Information for all US voters and people interested in our government:

Two years ago when I had questions about whether or not the elections were conducted fairly, I was pointed to some seemingly convincing articles saying that there were no problems. Considering everything that I've heard since then though, particularly on the issue of the ease of falsifying election results with these pathetic voting machines, I still have serious doubts about whether or not everything was accurate.

I haven't watched it yet, but once I finish this post I'm going to watch HBO's Hacking Democracy special which is now available for free on Google Video. You may want to watch it, and then watch your local election processes.

Although it (coincidentally?) won't be played here until November 8th (the day after the elections), the documentary Iraq For Sale is something else you might want to see. I haven't seen it yet, but from what I've heard about it, it reveals even more about the war profiteering that has gone on than I already knew about.

The shameless no-bid contracts granted to certain companies for huge amounts of money and their extreme inflation of prices charged back to our government is criminal, and if we replace enough Republicans with Democrats in the House and Senate then I hope that they will finally do the right thing and at least reign these people in. They really should investigate and punish the people involved on both the government and corporate sides.

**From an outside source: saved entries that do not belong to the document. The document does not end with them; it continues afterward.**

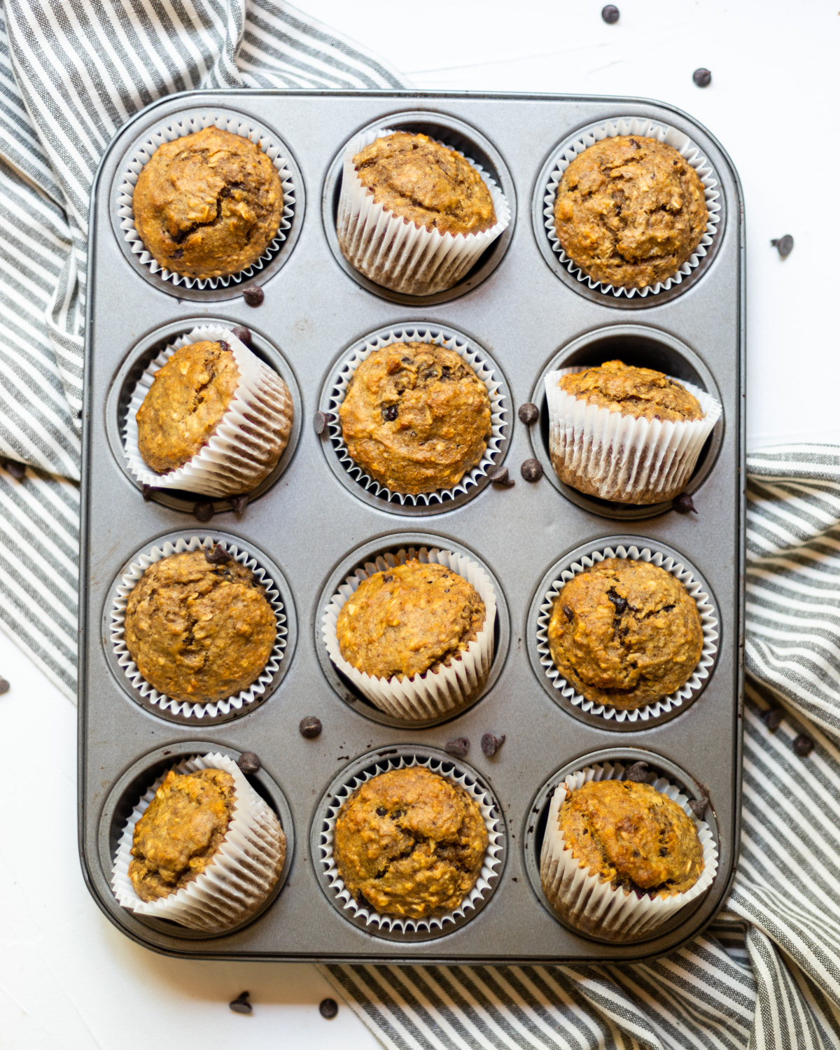 - To make Double Chocolate Muffins - add in ¼ cup of cacao or cocoa powder to the food processor at the same time as adding the flour and oats.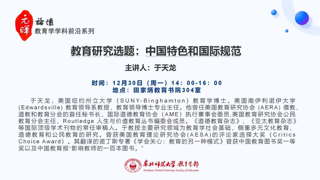 【元晖论坛——教育学学科前沿系列】于天龙:教育研究选题——中国特色和国际规范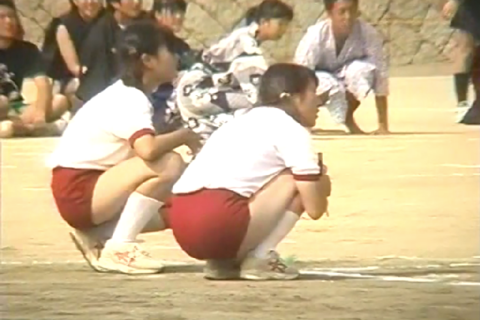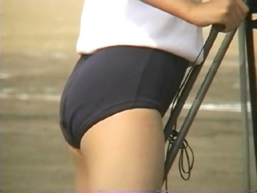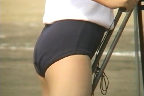 肝心のブルマですが、紺、緑、エンジおそらく学年カラーで体操服も同様。あまりアップのシーンがないため特定が難しいが、カラーにあわせてタグの色も同色になっているので、ジャックマンかHitunionかと推測します。ピタピタのナイロンブルマが形のいいお尻を表現してくれます。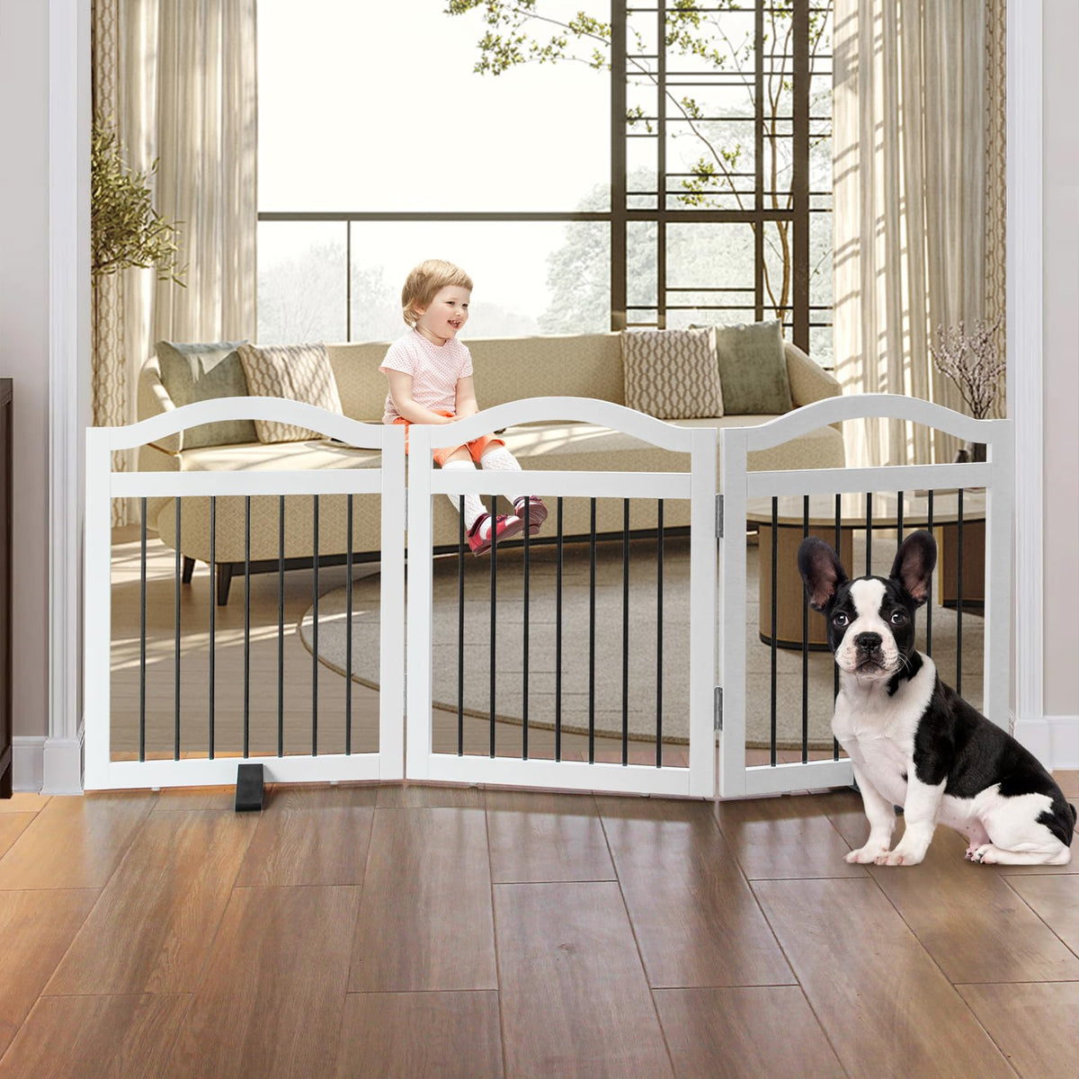 Zjsf Freestanding Foldable Dog Gate Indoor, Pet Gate For Doorways, Dog Fence For The House, Sturdy Wood Puppy Gate For Stairs, White Dog Gates With Support Feet For Hallways, 24 'Height-3 Panels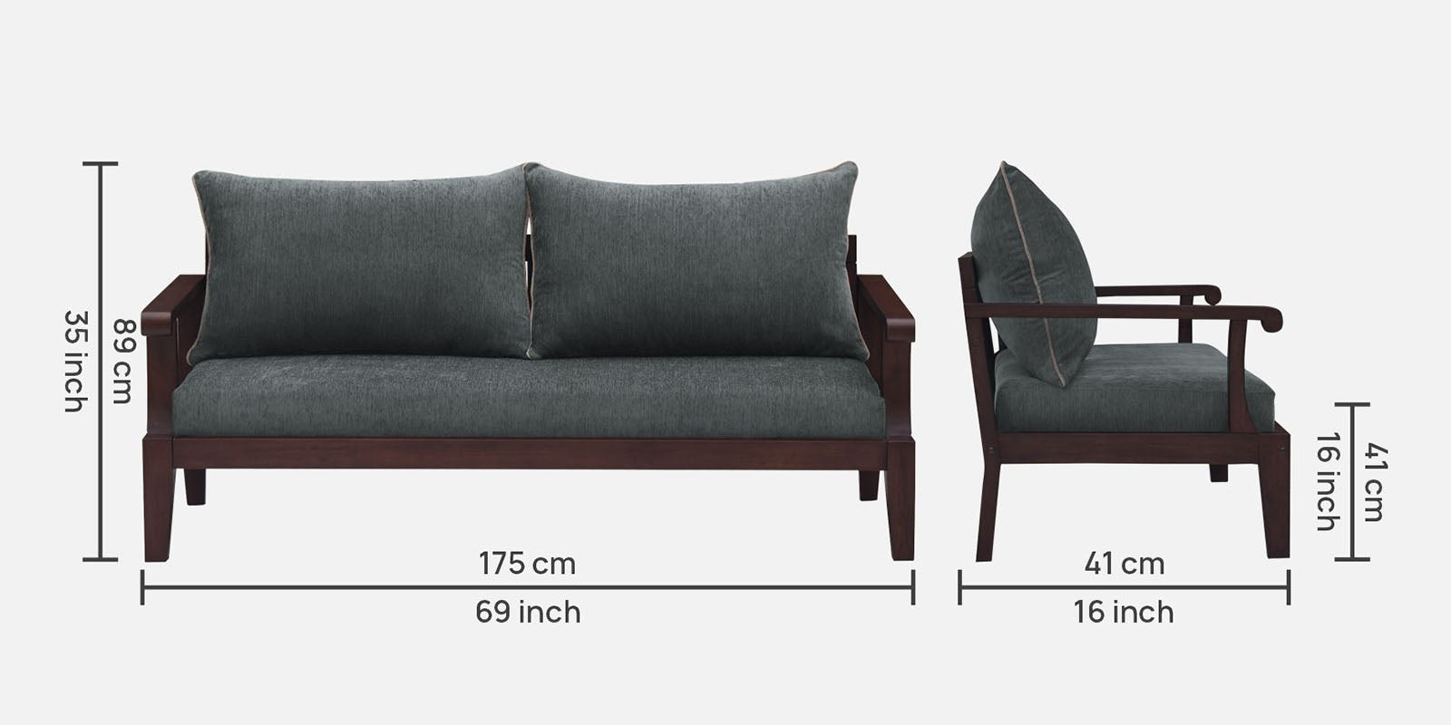 3 Seater : 69L x 26W x 35H (cms)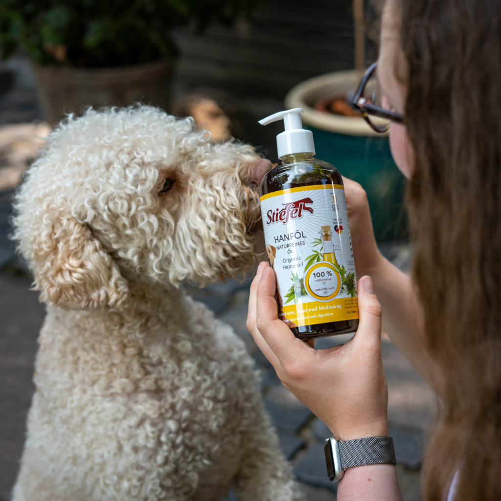 L'olio di canapa di Stiefel è un prodotto 100% naturale e adatto ai cani in tutte le fasi della vita. Gli ingredienti possono supportare la pelle e il pelo del cane e rafforzare le difese dell'animale.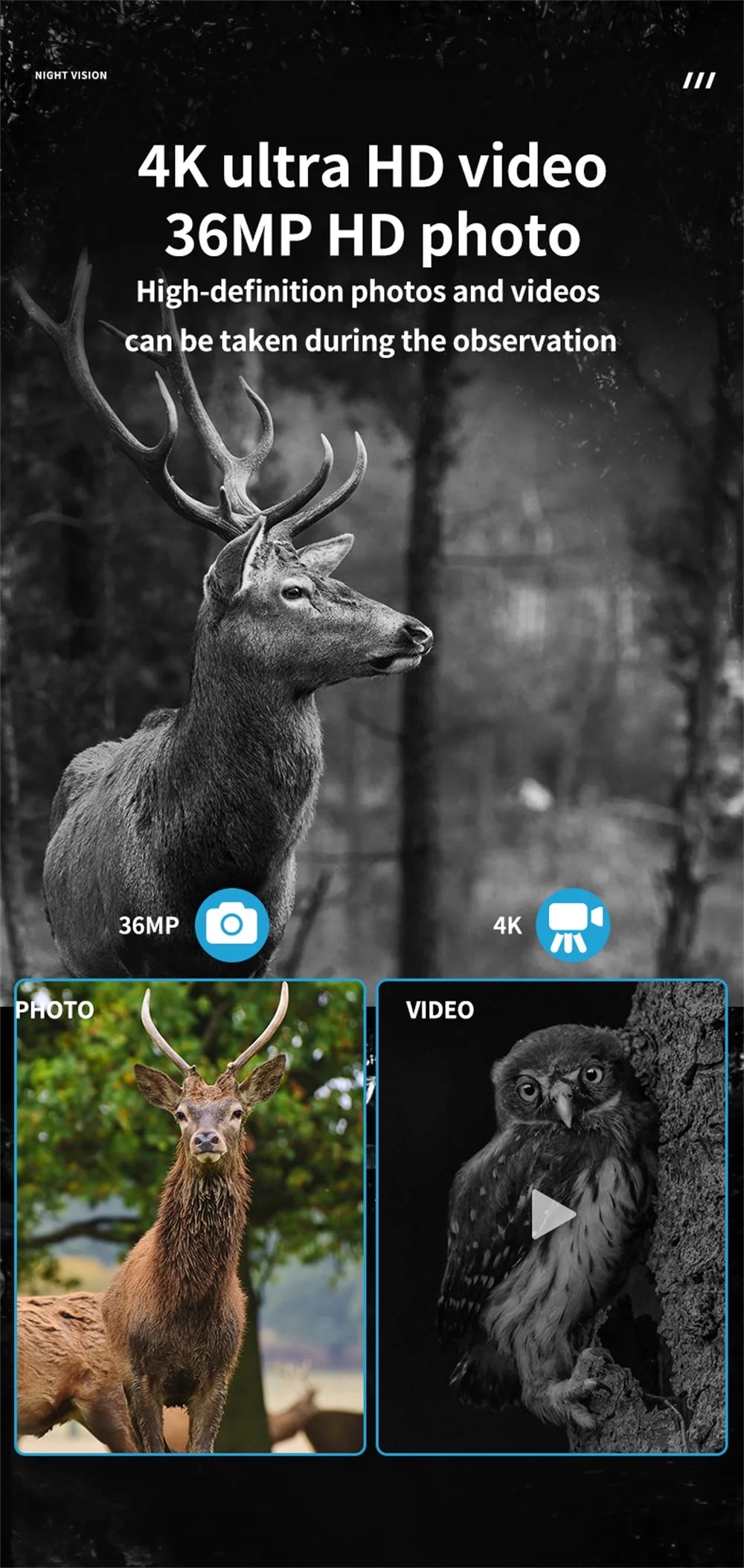 Ponbos NV2180 4K UHD Taktinen Yönäkökiikarit on ammattitason laite metsästäjille, luonnontutkijoille ja seikkailunhaluisille. Tämä huipputeknologialla varustettu yönäkölaite yhdistää 4K-videotallennuksen, 36MP-kameran ja tehokkaan infrapunavalaistuksen – näe ja tallenna kaikki yön salaisuudet kristallinkirkkaalla tarkkuudella.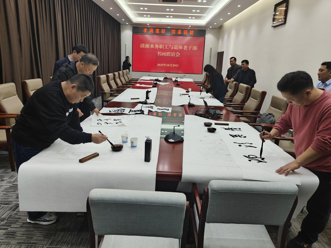 ? ? ? ?活動第二站,來到聚源公司文山泵站開展書畫聯誼活動,活動室內墨香四溢,長桌鋪展,宣紙備齊,公司書畫愛好者與老同志們一同揮毫潑墨,即興創作。大家寫下對企業和生活的感悟,既展現了清源人對文化的熱愛,亦營造了和諧融洽的交流氛圍。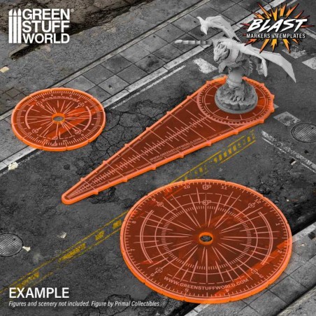 Green Stuff World’s explosion template set brings together all the essential tools needed to accurately measure area effects on your fantastic battlefields. Made from 3 mm thick fluorescent acrylic and laser-cut for precision, these templates stand out with exceptional visibility even in low light conditions. The engraved markings are permanent and will never fade, ensuring long-lasting reliability throughout your games.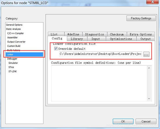 在这里面可以看到好多.icf后缀的文件,然后选择一个和芯片一致的,我就选择lnkstm8l152c6.icf,复制到我们的工程里面,再在IAR里面如下设置
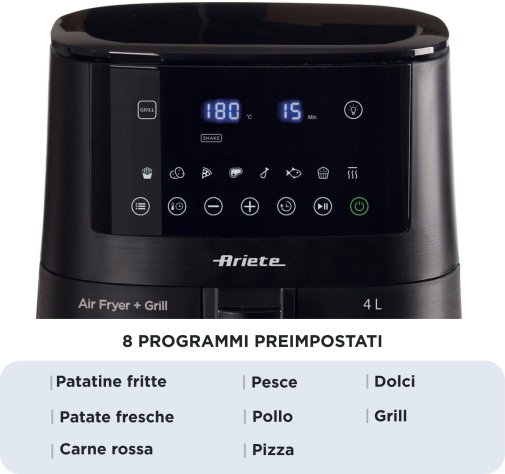 Ariete 4633 — це багатофункціональне рішення для приготування хрустких і смачних страв: від картоплі фрі та панірованих закусок до риби, овочів і солодких рецептів. Вона поєднує здоровий підхід до смаження, простоту догляду та зручне керування, роблячи щоденне приготування їжі швидким і комфортним.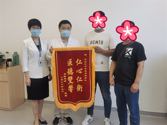“衢州市人民醫(yī)院值得信任,是老百姓值得托付的好醫(yī)院?!背鲈寒?dāng)天,靳女士和家屬向袁磊博士團(tuán)隊上送上錦旗和感謝信,“袁磊博士團(tuán)隊把困難和風(fēng)險留給自己,把希望留給患者,這份恩情,一生銘記?!?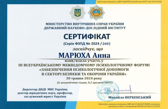Курсанти 2 курсу факультету № 3 Руслан Салогуб та Анна Марюха, які беруть активну участь у роботі відділення Юридичної клініки в м. Вінниця, долучилися до роботи ІІІ Всеукраїнського міжвідомчого психологічного форуму «Забезпечення психологічної допомоги в секторі безпеки і оборони України». Захід організував Державний науково-дослідний інститут МВС України за сприяння Департаменту освіти, науки та спорту МВС України, Управління психологічного забезпечення МВС України.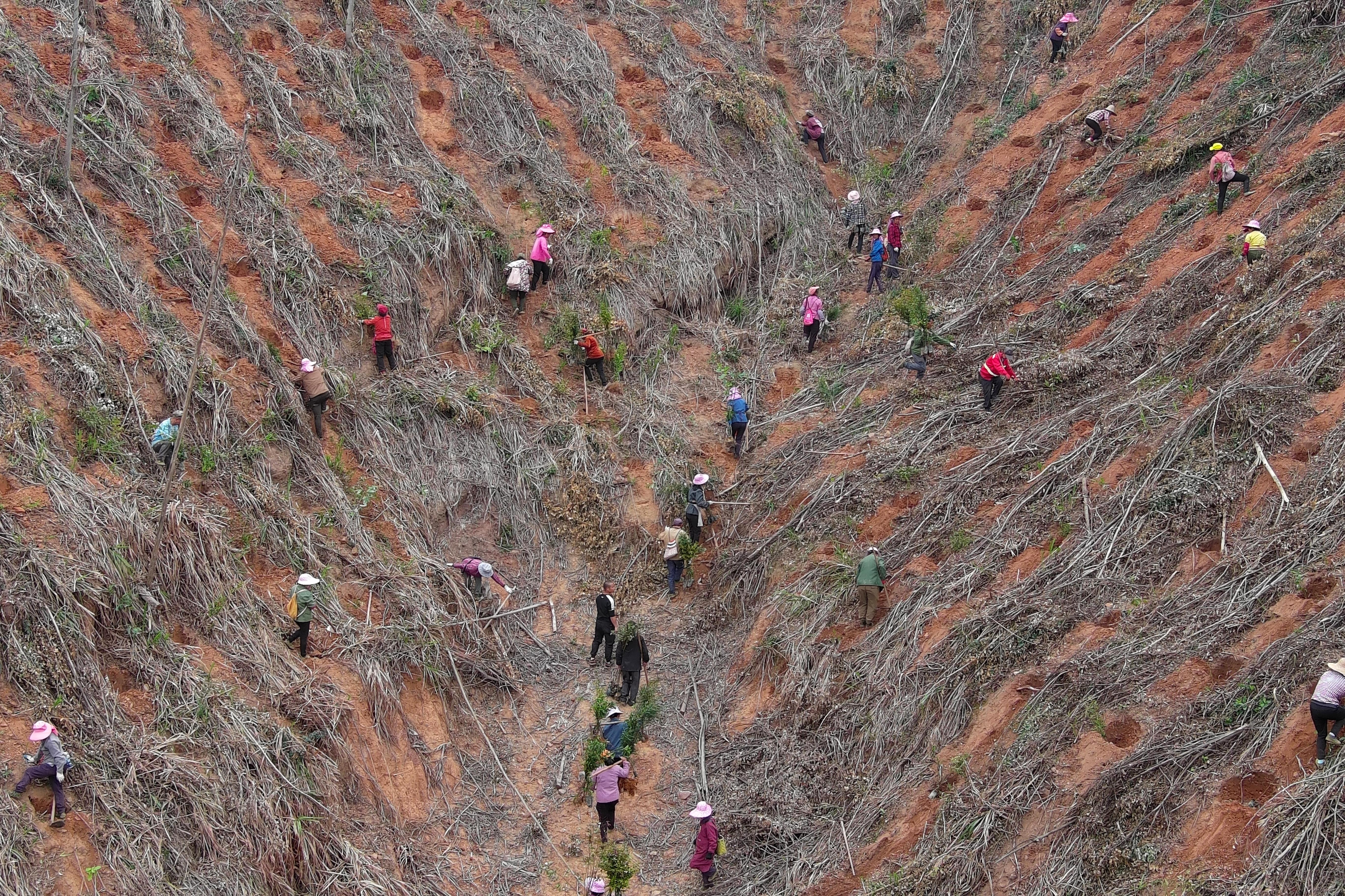 据了解,今年以来,始兴县已组织多次大规模植树造林。该造林点目前已全面进场施工,近百人上山作业。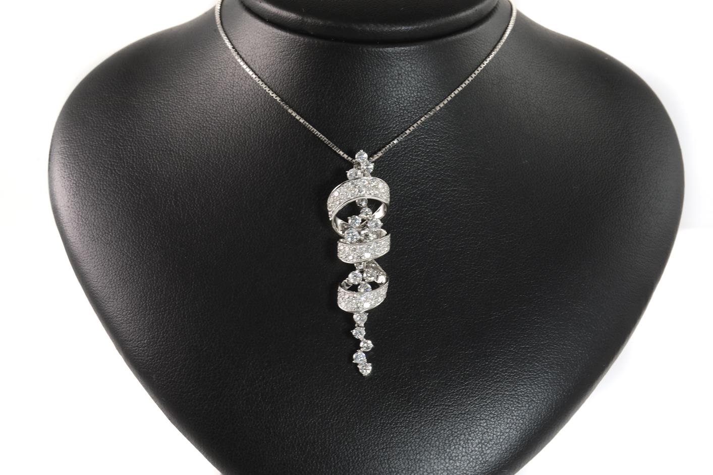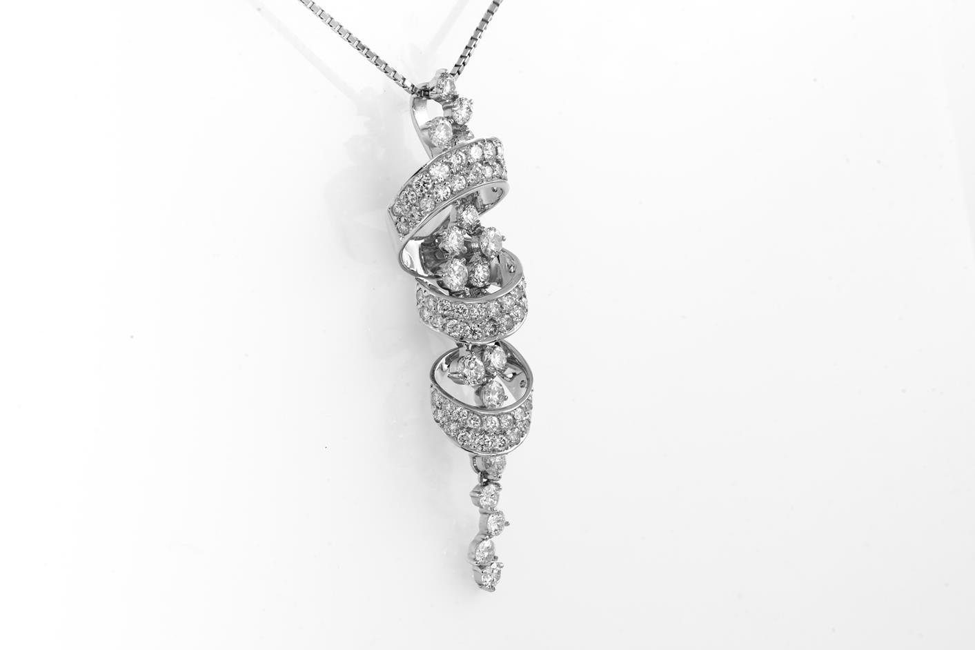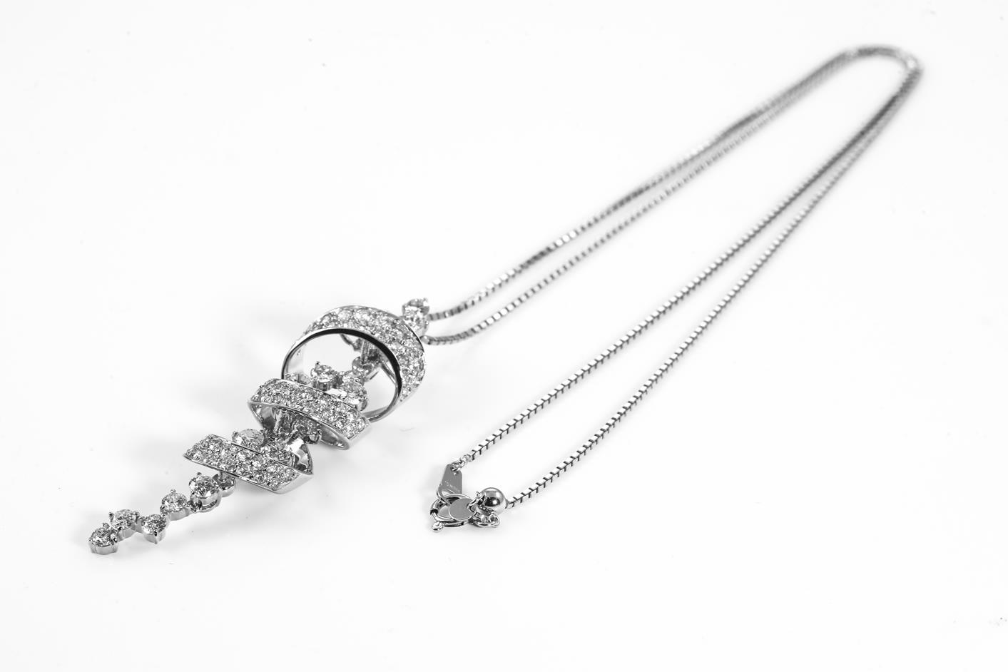 Diamond dress pendant with round Diamonds totalling 3.06cts (Estimated grading: G SI). 18ct white gold with adjustable 44cm 18ct white gold chain. Weight: 10.4g. With certificate #415674. (Pre-owned)

I hope that those investigations would also extend to the companies who have been paid to do things which would be illegal for our military to do, such as torture for example, or have been paid five times the amount our military personnel are paid just to do the same jobs.

The next part is specifically for Arizona voters:

In case you don't have time to research all of the Propositions or you're confused by the ads, here is a list of what I hope we can pass and what I want to fail. It is divided into the ones I feel strongly about, and the ones that I'm not quite sure about either or have mixed feelings on.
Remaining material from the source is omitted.